Each incident had the effect of either furthering a heterodox agenda or actively closing down voices upholding the Church’s established teaching — a radical departure from synods held under Pope St. John Paul II and Benedict XVI, which affirmed doctrine while looking for ways to better impart that teaching.
But the overall problem with Pope Francis’ earlier synodal assemblies, and especially the first one, was not just the efforts aimed at achieving a pre-planned result, unseemly though they were, but also that the impression given by the Pope and the synod managers — that everyone could speak frankly and boldly and that all sides would have a fair hearing — simply turned out not to be true.
As I wrote in the conclusion of the book, those pushing for Cardinal Kasper’s proposal and for a change regarding the Church’s approach to homosexuality “received support from the synod leadership significantly disproportionate to the real support for those positions among the synod fathers,” whereas the side that was “targeted for repression was, bizarrely, the one that upheld the traditional doctrine of the Church, passed down from one generation to the next for two thousand years.”
“This led the synod to become, in the words of one cardinal, ‘grossly unfair.’ The audiatur et altera pars principle (to hear the arguments of both sides) was aggressively disregarded, despite the fact that it is one of the two norms of natural justice both in canon law and civil law.

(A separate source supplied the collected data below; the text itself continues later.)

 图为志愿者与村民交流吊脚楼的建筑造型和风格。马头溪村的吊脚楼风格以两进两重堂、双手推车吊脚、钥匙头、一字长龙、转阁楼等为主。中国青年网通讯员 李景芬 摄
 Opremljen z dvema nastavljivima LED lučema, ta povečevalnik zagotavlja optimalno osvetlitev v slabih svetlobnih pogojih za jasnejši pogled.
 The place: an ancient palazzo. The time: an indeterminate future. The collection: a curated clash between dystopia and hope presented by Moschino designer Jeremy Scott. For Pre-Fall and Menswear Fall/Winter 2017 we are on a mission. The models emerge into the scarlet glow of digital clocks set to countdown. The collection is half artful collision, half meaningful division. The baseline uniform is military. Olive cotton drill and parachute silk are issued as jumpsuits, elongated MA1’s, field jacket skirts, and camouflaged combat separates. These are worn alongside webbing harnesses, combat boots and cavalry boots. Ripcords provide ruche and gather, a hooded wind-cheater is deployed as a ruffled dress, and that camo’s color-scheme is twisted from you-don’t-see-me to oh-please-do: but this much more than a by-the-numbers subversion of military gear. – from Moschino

Suddenly, merely restating the Church’s long-held doctrine on key issues left one open to bullying, intimidation, and threats, not so much by the media as by some in senior Church positions and even those in charge of the synod itself.”

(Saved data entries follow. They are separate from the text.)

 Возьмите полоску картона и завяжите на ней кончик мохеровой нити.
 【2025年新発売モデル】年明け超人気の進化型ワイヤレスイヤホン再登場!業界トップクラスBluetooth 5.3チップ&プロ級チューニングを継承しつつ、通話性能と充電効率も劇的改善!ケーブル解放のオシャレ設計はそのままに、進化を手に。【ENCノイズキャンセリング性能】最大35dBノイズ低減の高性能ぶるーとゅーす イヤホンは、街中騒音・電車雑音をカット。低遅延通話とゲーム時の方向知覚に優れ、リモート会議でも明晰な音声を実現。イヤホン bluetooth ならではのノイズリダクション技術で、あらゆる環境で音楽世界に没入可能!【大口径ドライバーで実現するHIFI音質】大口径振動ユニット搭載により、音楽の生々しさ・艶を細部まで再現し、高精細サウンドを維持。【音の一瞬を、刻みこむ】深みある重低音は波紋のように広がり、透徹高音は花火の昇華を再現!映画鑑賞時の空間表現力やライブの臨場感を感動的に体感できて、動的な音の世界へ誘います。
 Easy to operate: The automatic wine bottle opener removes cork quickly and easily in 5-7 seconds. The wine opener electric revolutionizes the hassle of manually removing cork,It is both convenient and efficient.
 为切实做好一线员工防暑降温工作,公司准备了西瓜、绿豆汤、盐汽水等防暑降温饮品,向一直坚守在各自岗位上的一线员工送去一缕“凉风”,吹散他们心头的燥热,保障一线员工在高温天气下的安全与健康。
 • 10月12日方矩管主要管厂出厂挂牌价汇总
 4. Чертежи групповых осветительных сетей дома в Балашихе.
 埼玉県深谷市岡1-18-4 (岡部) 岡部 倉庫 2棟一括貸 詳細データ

The aggressive sidelining of the magisterium, especially in the first family synod, even led Pope Emeritus Benedict XVI to say, when asked in private what he thought of the first synod: “Halten Sie sich unbedingt an die Lehre!” (“Strictly adhere to the doctrine!”).
Such marginalization of voices faithful to orthodoxy and the perennial teaching of the Church sounds eerily familiar to what we’ve already witnessed in the run-up to the Synod on Synodality.
Will we therefore see the same practices and biased steering towards a pre-determined result in the coming session and the conclusive synodal assembly next year, and with the sort of disruption that Amoris Laetitia left in its wake? Some revolutionary novelties, the focus on certain heterodox themes, and strict media restrictions suggest we probably will.